### INFORMATION PROVIDED

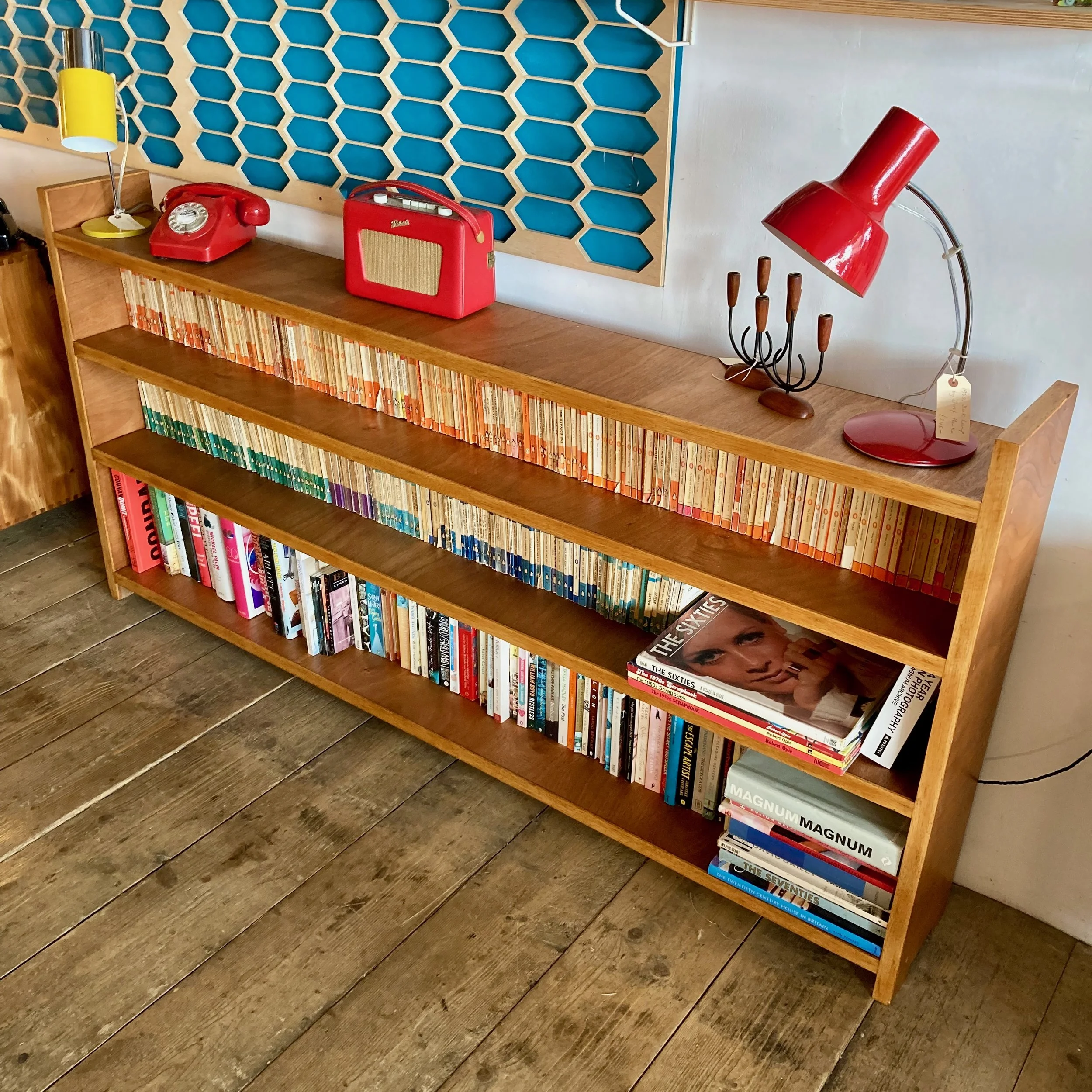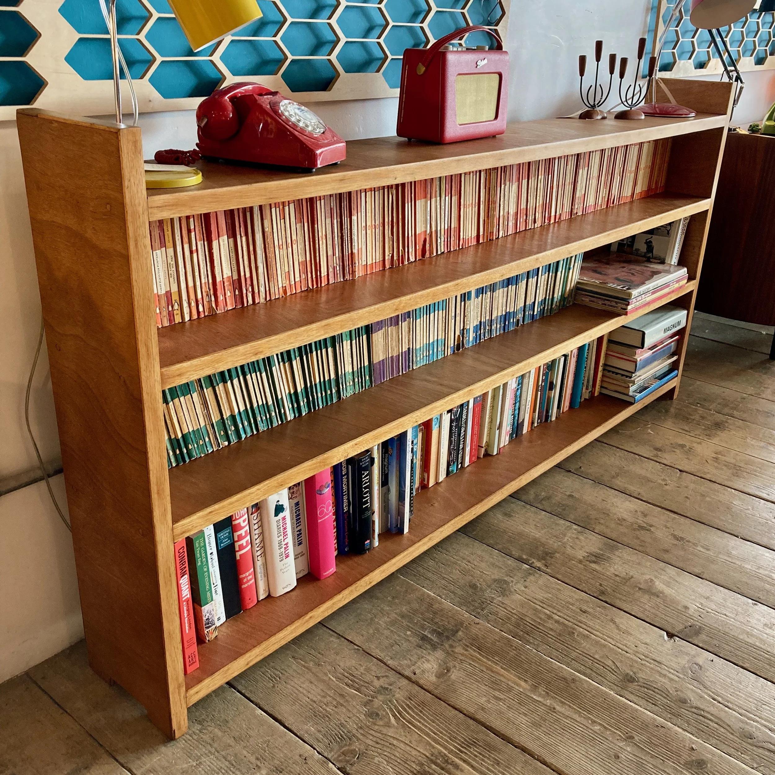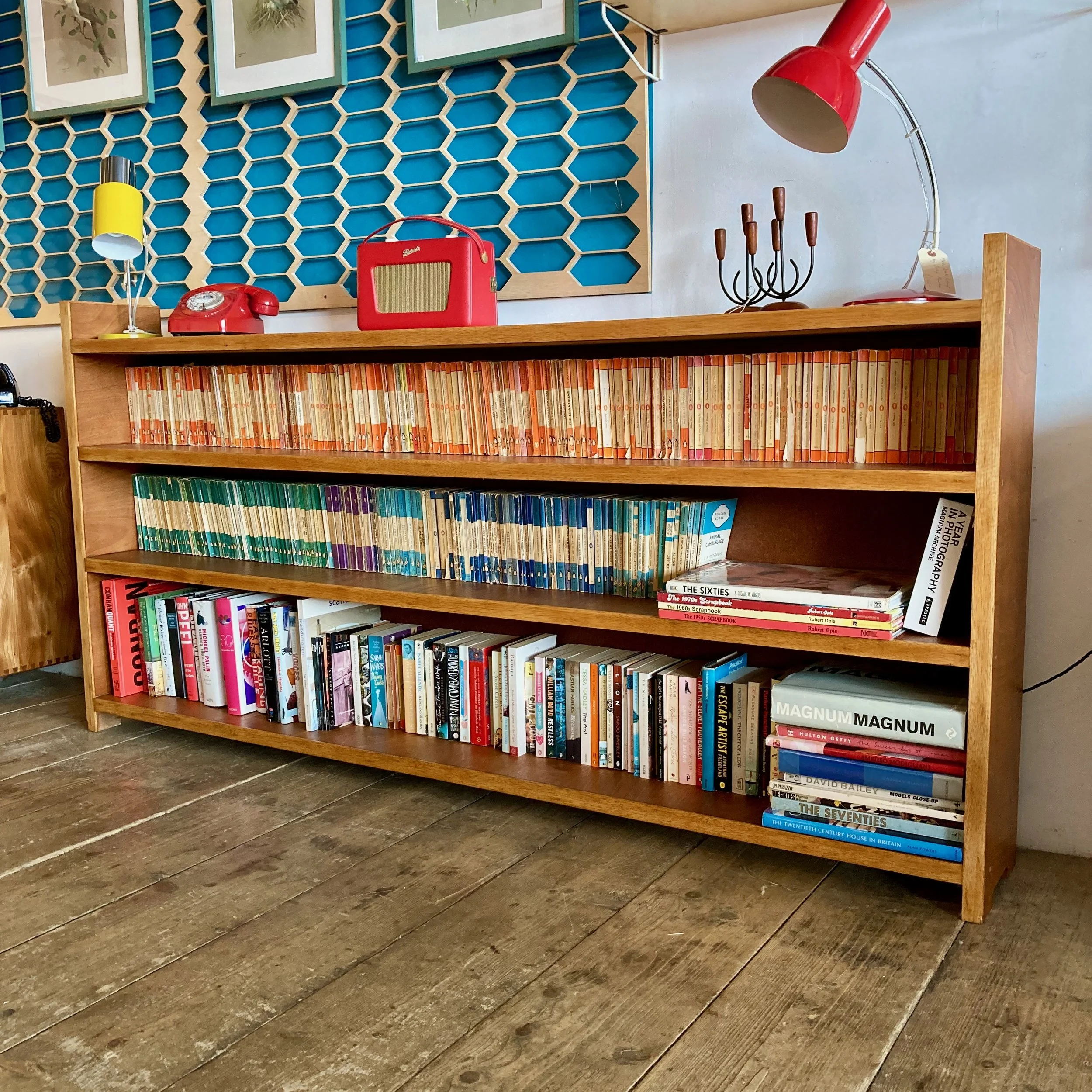 A beautifully restored vintage wooden bookcase, offering generous length and timeless character. Featuring three long, sturdy shelves, it provides ample space for books, display pieces, or storage while maintaining a clean, classic profile.
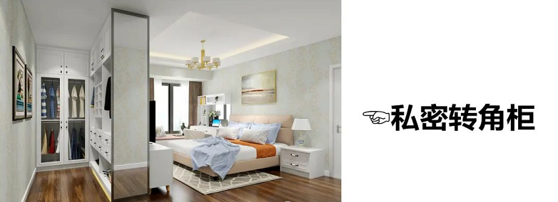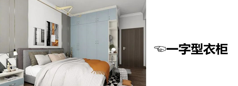 與入戶門平行的墻面,打造一字型衣柜的布局,適合大多數(shù)臥室的戶型。市面上一字型衣柜非常多,如何能在衣柜上再演變出許多新功能衣柜。既能滿足我們的衣柜收納各種需求,還能讓空間內(nèi)顏值倍增。如果衣柜到床的距離大于80cm,可以設(shè)計(jì)轉(zhuǎn)角衣柜,利用死角空間,收納能力MAX!
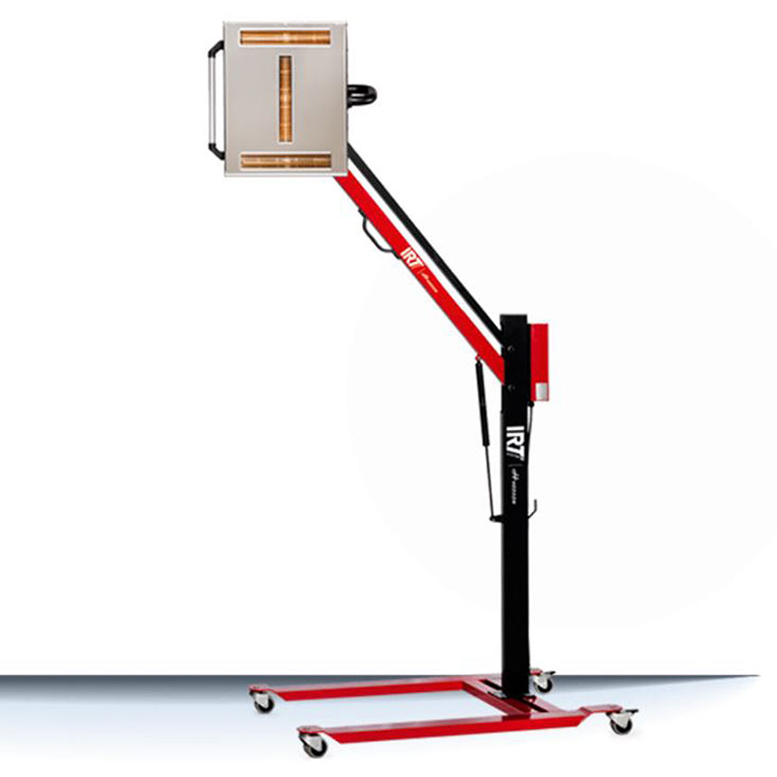 Using short wave infrared, the IRT-4 is ideal for curing small to medium-sized surfaces and has a maximum height of 88" which enables curing roofs on larger vehicles such as SUV's, pickups and minivans. It speeds up drying of putty, filler, base and clear coat. Powerful ventilation with particle filter cools the 3kW cassette and prolongs the life of the bulbs. • Designed for vertical & horizontal applications • Gold-coated FreeForm reflectors for optimal heat distribution • Cure Area of 40" x 43" • Vertical cassette that uniquely repositions allowing for hood repair as well • Two manual timers - for ease of use Flash Off – 50% power Full Bake – 100% output

### TASK TO CARRY OUT
Word for word, restate all of the material, omitting the images.

### EXERCISE OUTPUT
 A beautifully restored vintage wooden bookcase, offering generous length and timeless character. Featuring three long, sturdy shelves, it provides ample space for books, display pieces, or storage while maintaining a clean, classic profile.
 與入戶門平行的墻面,打造一字型衣柜的布局,適合大多數(shù)臥室的戶型。市面上一字型衣柜非常多,如何能在衣柜上再演變出許多新功能衣柜。既能滿足我們的衣柜收納各種需求,還能讓空間內(nèi)顏值倍增。如果衣柜到床的距離大于80cm,可以設(shè)計(jì)轉(zhuǎn)角衣柜,利用死角空間,收納能力MAX!
 Using short wave infrared, the IRT-4 is ideal for curing small to medium-sized surfaces and has a maximum height of 88" which enables curing roofs on larger vehicles such as SUV's, pickups and minivans. It speeds up drying of putty, filler, base and clear coat. Powerful ventilation with particle filter cools the 3kW cassette and prolongs the life of the bulbs. • Designed for vertical & horizontal applications • Gold-coated FreeForm reflectors for optimal heat distribution • Cure Area of 40" x 43" • Vertical cassette that uniquely repositions allowing for hood repair as well • Two manual timers - for ease of use Flash Off – 50% power Full Bake – 100% output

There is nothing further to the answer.